Although their effect is often overlooked, small-scale fisheries (SSF) contribute to the stock exploitation status, as they provide more than a quarter of the global marine fisheries catch and supply almost half of the landings intended for human consumption (FAO 2022). Nevertheless, the social, economic, and cultural importance of SSF to coastal communities is disproportionately higher than its impact on fish and invertebrate stocks (Jacquet and Pauly 2008; Palmer et al. 2017), since they employ 90% of the fisheries workforce globally, either directly on-board vessels or in parallel inshore activities. In the Mediterranean Sea, SSF mainly consist of small-sized vessels (usually < 12 m) that undertake short fishing trips (1–3 days), have a crew of 1–3 people, family-owned capital, and a small investment in vessel equipment and fishing gears (Gil et al. 2018; Liontakis et al. 2020). In Greece, SSF provide income and employment to the local communities in coastal areas and several remote islands, while being recognized as part of local cultural heritage and are closely linked to local traditions (Liontakis et al. 2020; Tzanatos et al. 2020).

The Mediterranean SSF are characterized by their multispecies and multi-gear nature (Stergiou et al. 2016). Different species are targeted seasonally and locally according to market demand, resource availability, and possible local restrictions, leading to the use of many different fishing gears and techniques (Maynou et al. 2011; Palmer et al. 2017). Among the variety of fishing gears used in Mediterranean SSF, set nets (trammel nets and gillnets) are the most popular (García-Rodríguez et al. 2006; Lucchetti et al. 2020). This is also true for Greek SSF as trammel nets and gillnets are used throughout the country and constitute the main component of the most common métiers, namely those targeting red mullets (Mullus spp.), cuttlefish (Sepia officinalis), common sole (Solea solea (Linnaeus, 1758)) and caramote prawn (Penaeus kerathurus) (Adamidou 2007).

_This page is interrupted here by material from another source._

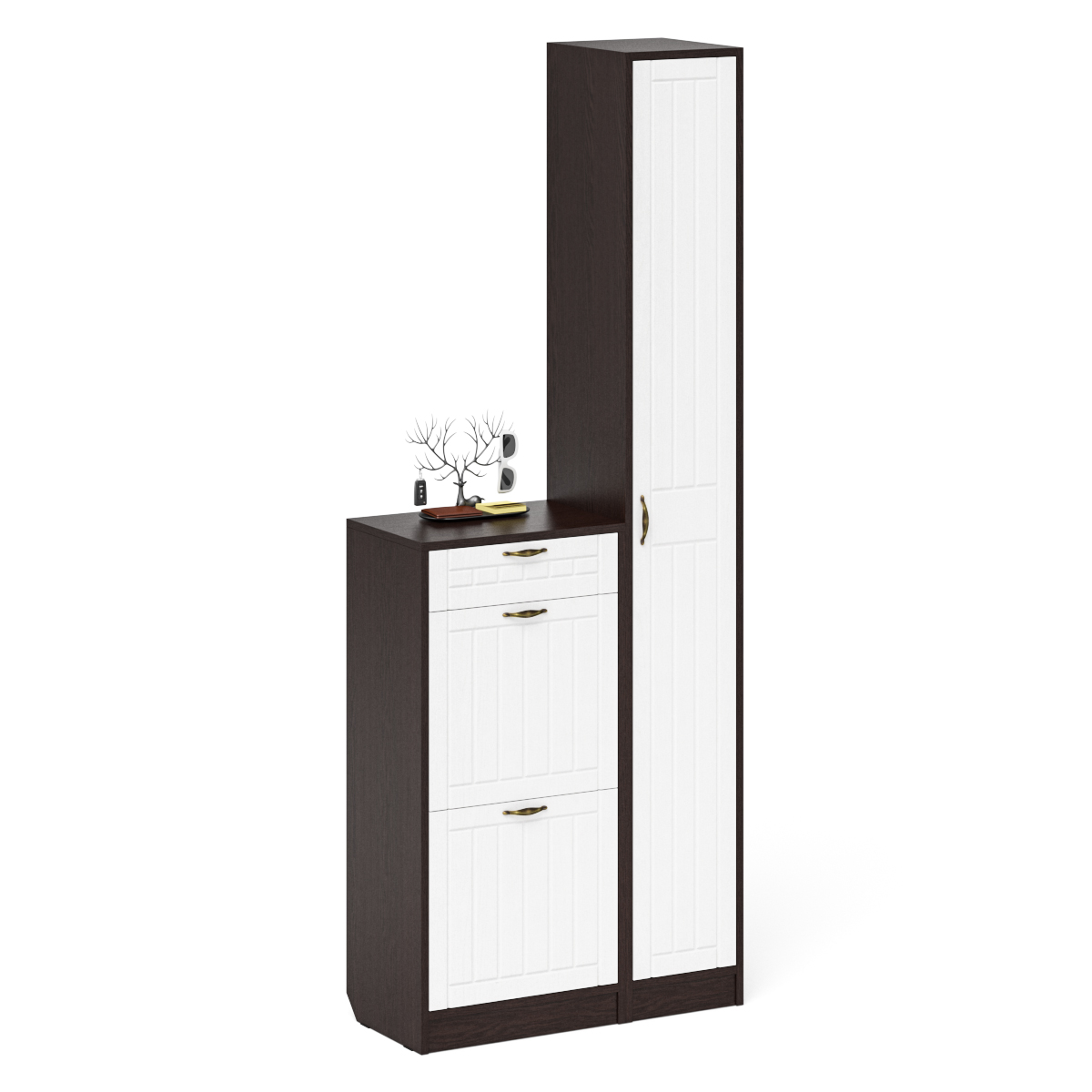 Отзывы о Столплит Тумба для обуви в прихожую с пеналом П-6 МДФ фрезеровка прованс Белый/Венге

Although the fishing gears employed in SSF (mostly passive gears) are considered to be more size and species selective, have a moderate to low discard rate (Kelleher 2005), and are less damaging to stocks and habitats than the towed gears used in large-scale fisheries (Huse et al. 2000; Stergiou et al. 2002), the total amount of discards they produce should not be ignored, considering a large number of vessels in the sector (Bellido et al. 2011; Sartor et al. 2018). Fish retained by fishing gear is usually an unknown proportion of the various size classes available in the exploited population. The probability of catching and retaining a given size of fish with a given mesh size (or hook) is defined as selectivity (Kitahara 1971) and is represented by a selectivity curve. The selectivity of a fishing gear describes the catching capacity and efficiency of the gear. It can be used to minimize the likelihood of catching non-targeted unwanted species or species of certain age groups by modifying the selective characteristics of fishing gears. Apart from that, it is also used to estimate population length frequency distribution, as well as length at age (Millar and Fryer 1999).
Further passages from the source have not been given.